» What to produce
What you return should be the complete listing, unchanged, with no pictures in it.

» Dataset section

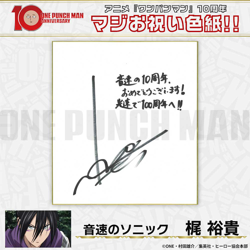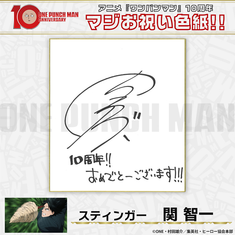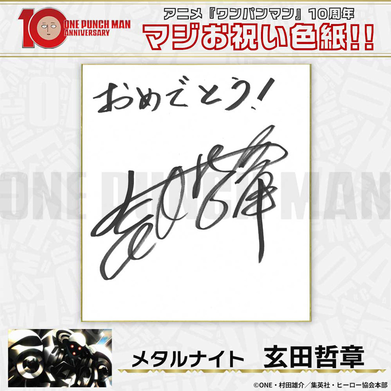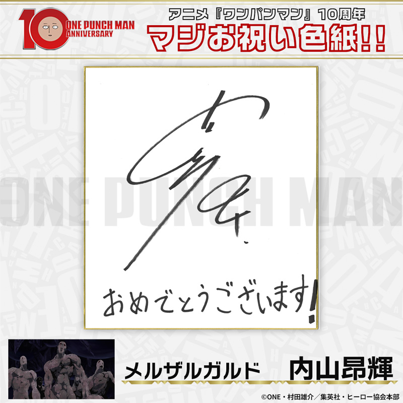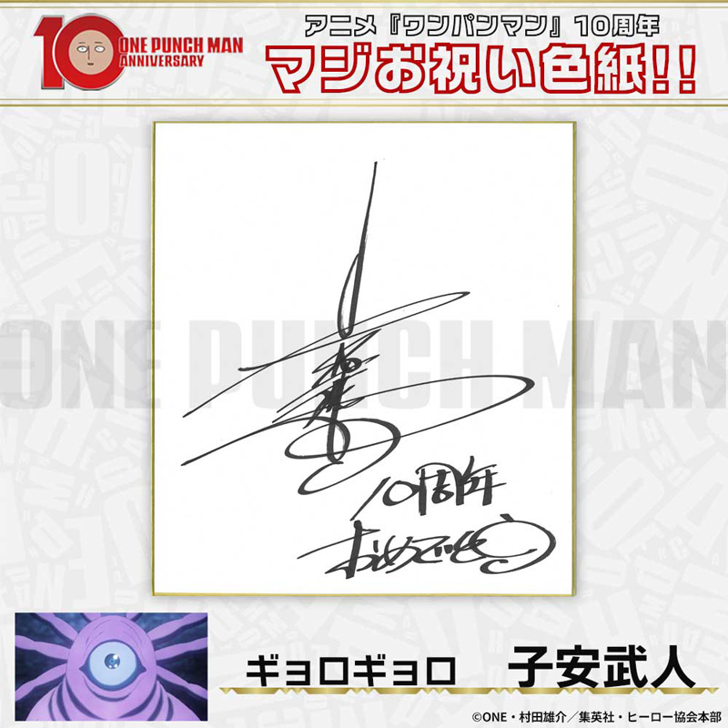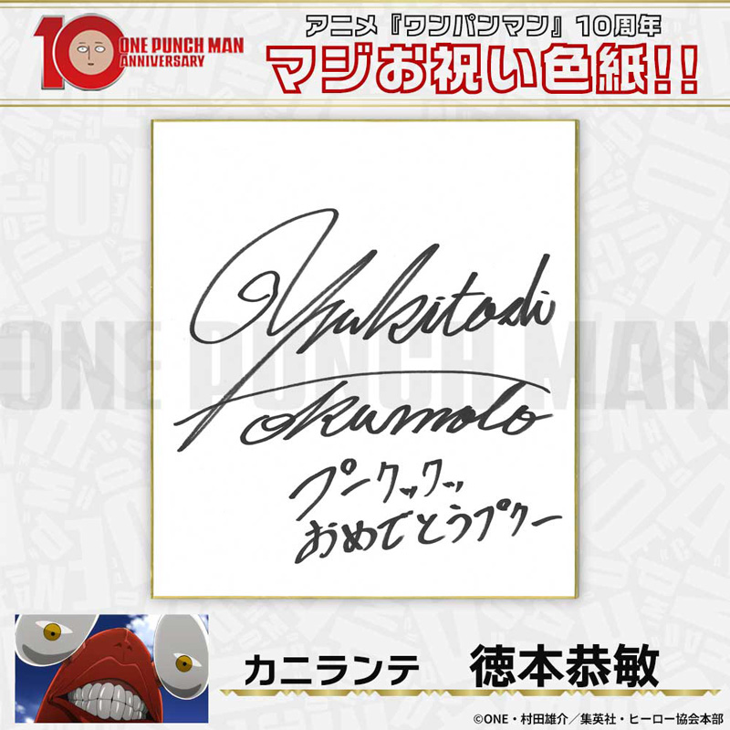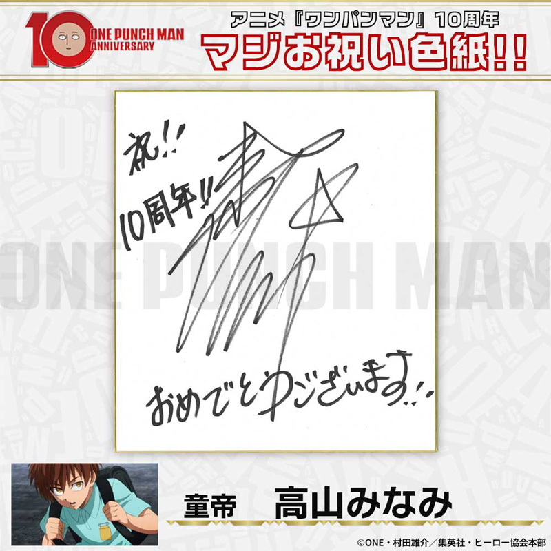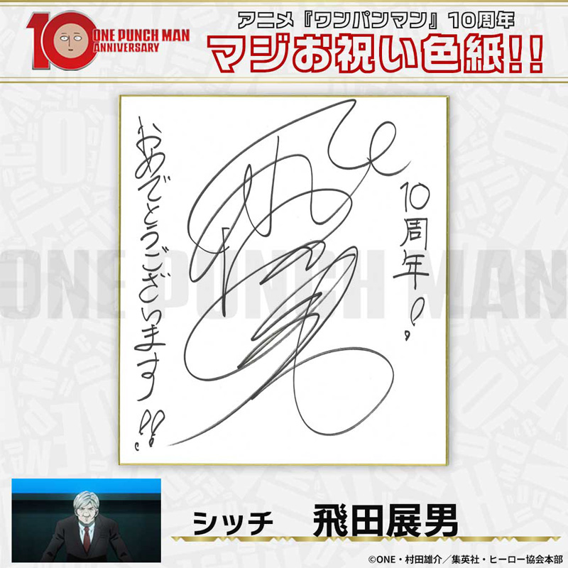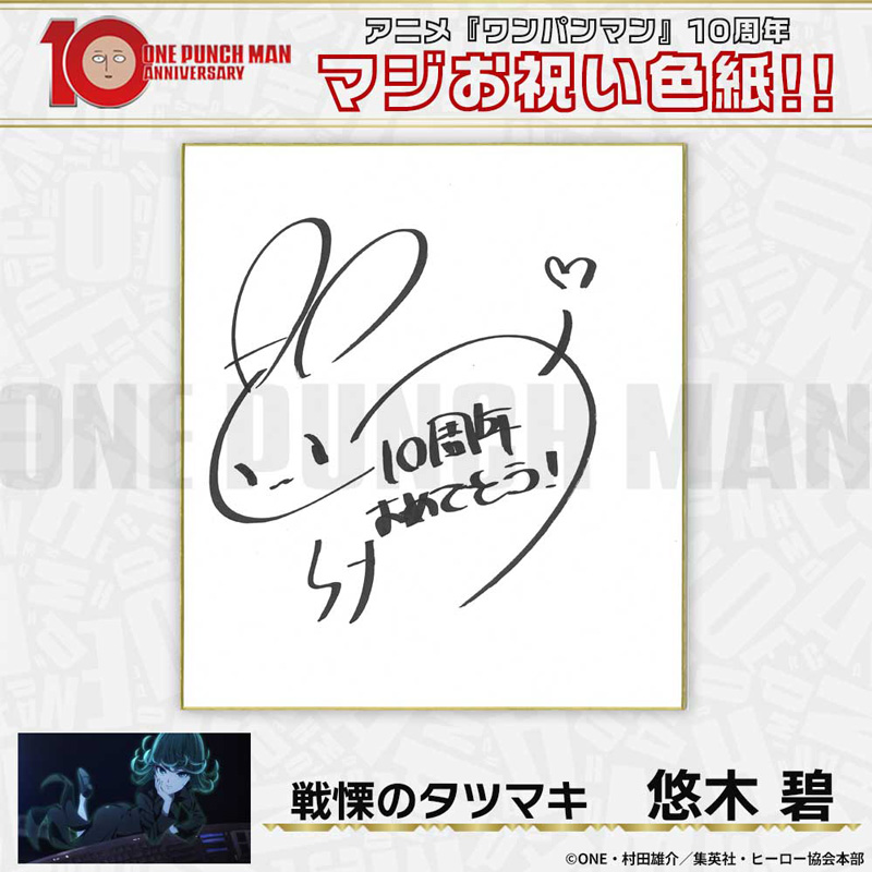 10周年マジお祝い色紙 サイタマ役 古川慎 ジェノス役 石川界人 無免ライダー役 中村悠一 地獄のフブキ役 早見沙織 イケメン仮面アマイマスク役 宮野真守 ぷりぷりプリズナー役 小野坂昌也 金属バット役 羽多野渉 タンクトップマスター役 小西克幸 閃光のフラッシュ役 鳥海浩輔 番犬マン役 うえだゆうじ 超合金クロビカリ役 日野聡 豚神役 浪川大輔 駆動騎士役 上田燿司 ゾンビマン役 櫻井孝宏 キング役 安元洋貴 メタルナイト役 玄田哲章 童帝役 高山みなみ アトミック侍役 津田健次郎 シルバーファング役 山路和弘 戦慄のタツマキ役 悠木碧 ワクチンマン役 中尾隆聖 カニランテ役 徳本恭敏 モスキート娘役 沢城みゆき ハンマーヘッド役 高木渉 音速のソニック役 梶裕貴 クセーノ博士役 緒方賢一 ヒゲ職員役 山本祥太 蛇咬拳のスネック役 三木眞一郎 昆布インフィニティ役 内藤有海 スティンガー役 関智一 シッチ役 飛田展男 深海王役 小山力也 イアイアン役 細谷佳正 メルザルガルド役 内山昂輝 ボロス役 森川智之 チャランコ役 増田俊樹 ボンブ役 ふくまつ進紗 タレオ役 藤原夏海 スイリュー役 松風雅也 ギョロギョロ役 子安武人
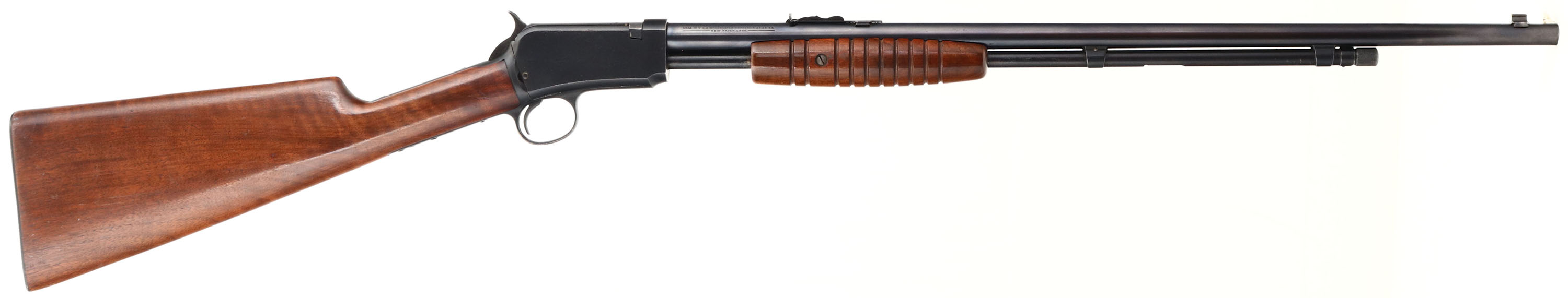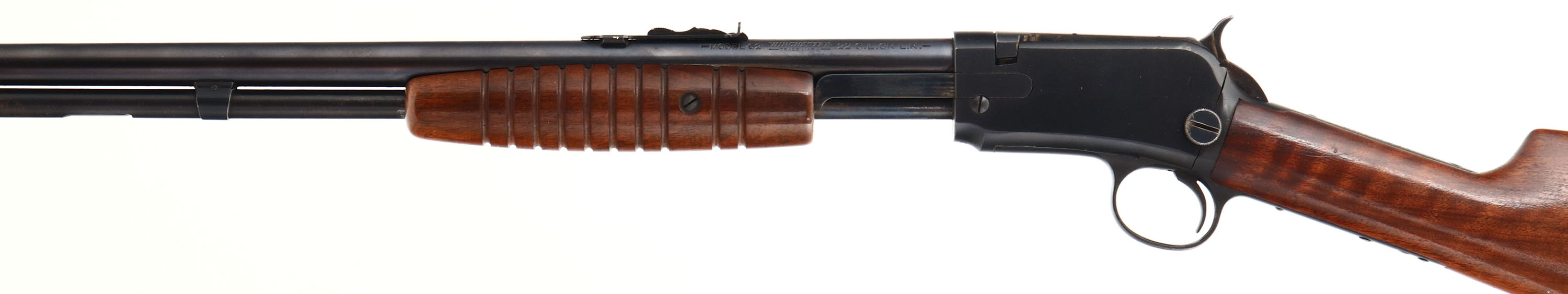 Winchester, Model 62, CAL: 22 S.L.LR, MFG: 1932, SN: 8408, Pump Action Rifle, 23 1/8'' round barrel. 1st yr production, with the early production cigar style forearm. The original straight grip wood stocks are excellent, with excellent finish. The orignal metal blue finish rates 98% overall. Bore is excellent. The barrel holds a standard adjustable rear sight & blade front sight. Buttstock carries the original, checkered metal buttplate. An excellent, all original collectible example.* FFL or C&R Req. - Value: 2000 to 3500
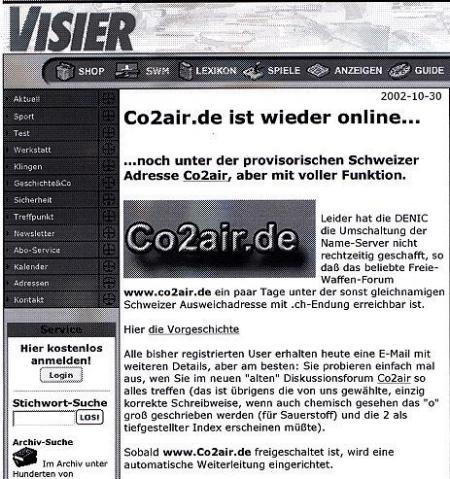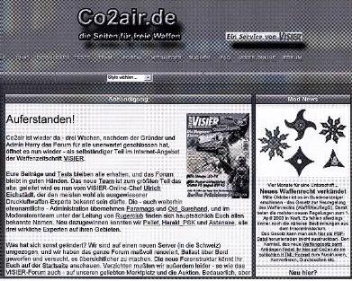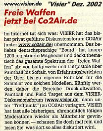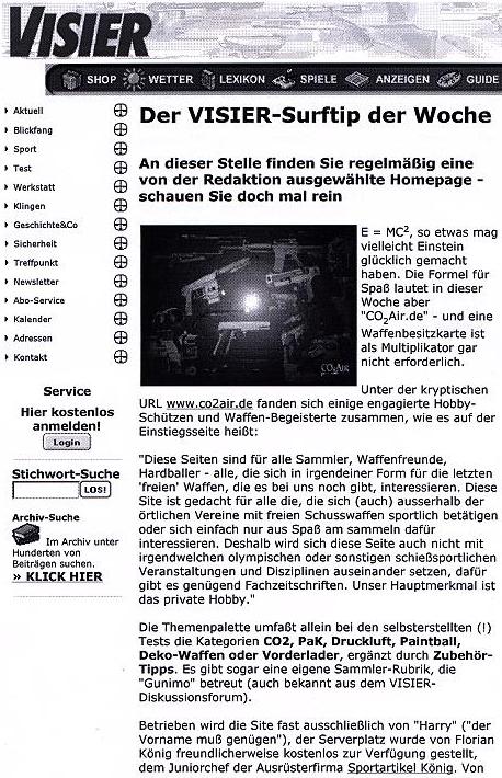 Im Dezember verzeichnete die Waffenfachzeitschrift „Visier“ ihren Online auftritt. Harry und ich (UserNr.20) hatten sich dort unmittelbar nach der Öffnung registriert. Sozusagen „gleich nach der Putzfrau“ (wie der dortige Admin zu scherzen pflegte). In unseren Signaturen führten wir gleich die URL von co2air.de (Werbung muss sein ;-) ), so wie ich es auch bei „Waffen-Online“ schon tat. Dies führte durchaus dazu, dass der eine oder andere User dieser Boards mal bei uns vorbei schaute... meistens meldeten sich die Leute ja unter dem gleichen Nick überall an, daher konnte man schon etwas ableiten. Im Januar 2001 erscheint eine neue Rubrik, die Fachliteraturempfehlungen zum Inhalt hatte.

» Output for this task
 10周年マジお祝い色紙 サイタマ役 古川慎 ジェノス役 石川界人 無免ライダー役 中村悠一 地獄のフブキ役 早見沙織 イケメン仮面アマイマスク役 宮野真守 ぷりぷりプリズナー役 小野坂昌也 金属バット役 羽多野渉 タンクトップマスター役 小西克幸 閃光のフラッシュ役 鳥海浩輔 番犬マン役 うえだゆうじ 超合金クロビカリ役 日野聡 豚神役 浪川大輔 駆動騎士役 上田燿司 ゾンビマン役 櫻井孝宏 キング役 安元洋貴 メタルナイト役 玄田哲章 童帝役 高山みなみ アトミック侍役 津田健次郎 シルバーファング役 山路和弘 戦慄のタツマキ役 悠木碧 ワクチンマン役 中尾隆聖 カニランテ役 徳本恭敏 モスキート娘役 沢城みゆき ハンマーヘッド役 高木渉 音速のソニック役 梶裕貴 クセーノ博士役 緒方賢一 ヒゲ職員役 山本祥太 蛇咬拳のスネック役 三木眞一郎 昆布インフィニティ役 内藤有海 スティンガー役 関智一 シッチ役 飛田展男 深海王役 小山力也 イアイアン役 細谷佳正 メルザルガルド役 内山昂輝 ボロス役 森川智之 チャランコ役 増田俊樹 ボンブ役 ふくまつ進紗 タレオ役 藤原夏海 スイリュー役 松風雅也 ギョロギョロ役 子安武人
 Winchester, Model 62, CAL: 22 S.L.LR, MFG: 1932, SN: 8408, Pump Action Rifle, 23 1/8'' round barrel. 1st yr production, with the early production cigar style forearm. The original straight grip wood stocks are excellent, with excellent finish. The orignal metal blue finish rates 98% overall. Bore is excellent. The barrel holds a standard adjustable rear sight & blade front sight. Buttstock carries the original, checkered metal buttplate. An excellent, all original collectible example.* FFL or C&R Req. - Value: 2000 to 3500
 Im Dezember verzeichnete die Waffenfachzeitschrift „Visier“ ihren Online auftritt. Harry und ich (UserNr.20) hatten sich dort unmittelbar nach der Öffnung registriert. Sozusagen „gleich nach der Putzfrau“ (wie der dortige Admin zu scherzen pflegte). In unseren Signaturen führten wir gleich die URL von co2air.de (Werbung muss sein ;-) ), so wie ich es auch bei „Waffen-Online“ schon tat. Dies führte durchaus dazu, dass der eine oder andere User dieser Boards mal bei uns vorbei schaute... meistens meldeten sich die Leute ja unter dem gleichen Nick überall an, daher konnte man schon etwas ableiten. Im Januar 2001 erscheint eine neue Rubrik, die Fachliteraturempfehlungen zum Inhalt hatte.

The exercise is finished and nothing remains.